• [Data section]:
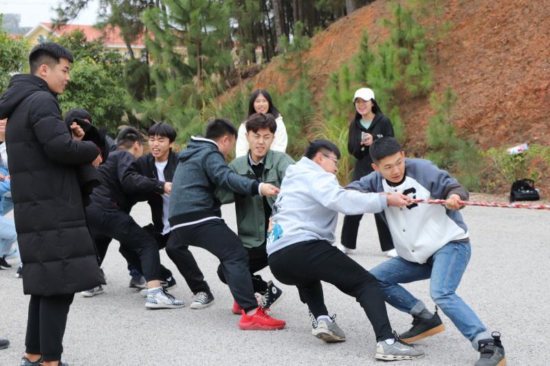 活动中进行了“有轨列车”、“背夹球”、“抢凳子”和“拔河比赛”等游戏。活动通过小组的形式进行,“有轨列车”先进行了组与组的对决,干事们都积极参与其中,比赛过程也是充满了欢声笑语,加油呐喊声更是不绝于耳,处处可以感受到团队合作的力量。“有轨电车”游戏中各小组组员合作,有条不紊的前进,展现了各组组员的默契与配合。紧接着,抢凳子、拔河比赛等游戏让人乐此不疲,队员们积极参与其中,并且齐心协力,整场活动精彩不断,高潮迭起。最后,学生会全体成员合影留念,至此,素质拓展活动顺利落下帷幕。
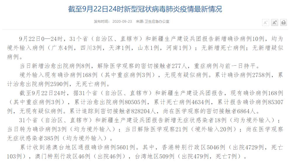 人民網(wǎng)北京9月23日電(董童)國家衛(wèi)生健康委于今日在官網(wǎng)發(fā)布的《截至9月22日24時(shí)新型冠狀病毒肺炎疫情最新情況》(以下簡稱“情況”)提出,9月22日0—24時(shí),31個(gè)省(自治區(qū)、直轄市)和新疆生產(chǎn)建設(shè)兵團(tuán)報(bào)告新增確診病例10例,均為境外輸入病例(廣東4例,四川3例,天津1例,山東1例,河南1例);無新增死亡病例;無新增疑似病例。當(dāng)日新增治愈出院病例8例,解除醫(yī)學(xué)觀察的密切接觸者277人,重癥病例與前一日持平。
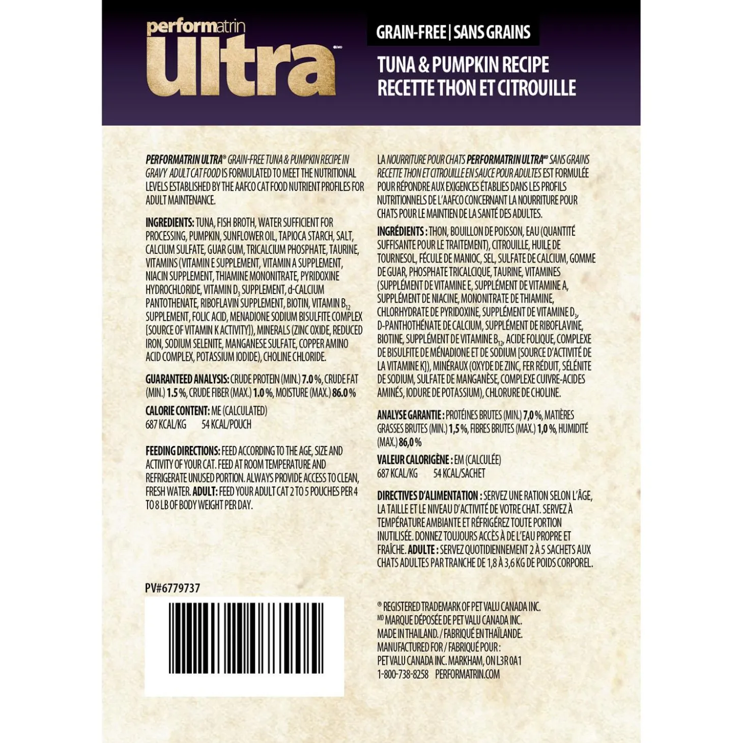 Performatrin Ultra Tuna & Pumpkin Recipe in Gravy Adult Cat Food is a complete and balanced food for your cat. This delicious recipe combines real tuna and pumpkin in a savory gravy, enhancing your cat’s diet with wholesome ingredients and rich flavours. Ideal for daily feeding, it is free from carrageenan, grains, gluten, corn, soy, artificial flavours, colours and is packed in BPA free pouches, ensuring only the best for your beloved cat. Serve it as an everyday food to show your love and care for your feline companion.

--

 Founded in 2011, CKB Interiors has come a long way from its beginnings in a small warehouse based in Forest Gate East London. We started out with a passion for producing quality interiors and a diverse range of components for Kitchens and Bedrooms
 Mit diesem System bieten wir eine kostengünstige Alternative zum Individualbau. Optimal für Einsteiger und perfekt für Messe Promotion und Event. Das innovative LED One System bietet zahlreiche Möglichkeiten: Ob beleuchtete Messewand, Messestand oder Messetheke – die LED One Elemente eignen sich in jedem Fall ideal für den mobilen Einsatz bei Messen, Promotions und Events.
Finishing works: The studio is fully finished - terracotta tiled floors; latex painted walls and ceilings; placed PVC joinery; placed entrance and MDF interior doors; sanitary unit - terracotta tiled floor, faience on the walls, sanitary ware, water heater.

• [Task item]:
Look above for the line containing "人民網(wǎng)北京9月2" and the line containing "Performatrin Ultra Tuna", then reproduce both and everything between them exactly, pictures omitted.

• [Result of the exercise]:
 人民網(wǎng)北京9月23日電(董童)國家衛(wèi)生健康委于今日在官網(wǎng)發(fā)布的《截至9月22日24時(shí)新型冠狀病毒肺炎疫情最新情況》(以下簡稱“情況”)提出,9月22日0—24時(shí),31個(gè)省(自治區(qū)、直轄市)和新疆生產(chǎn)建設(shè)兵團(tuán)報(bào)告新增確診病例10例,均為境外輸入病例(廣東4例,四川3例,天津1例,山東1例,河南1例);無新增死亡病例;無新增疑似病例。當(dāng)日新增治愈出院病例8例,解除醫(yī)學(xué)觀察的密切接觸者277人,重癥病例與前一日持平。
 Performatrin Ultra Tuna & Pumpkin Recipe in Gravy Adult Cat Food is a complete and balanced food for your cat. This delicious recipe combines real tuna and pumpkin in a savory gravy, enhancing your cat’s diet with wholesome ingredients and rich flavours. Ideal for daily feeding, it is free from carrageenan, grains, gluten, corn, soy, artificial flavours, colours and is packed in BPA free pouches, ensuring only the best for your beloved cat. Serve it as an everyday food to show your love and care for your feline companion.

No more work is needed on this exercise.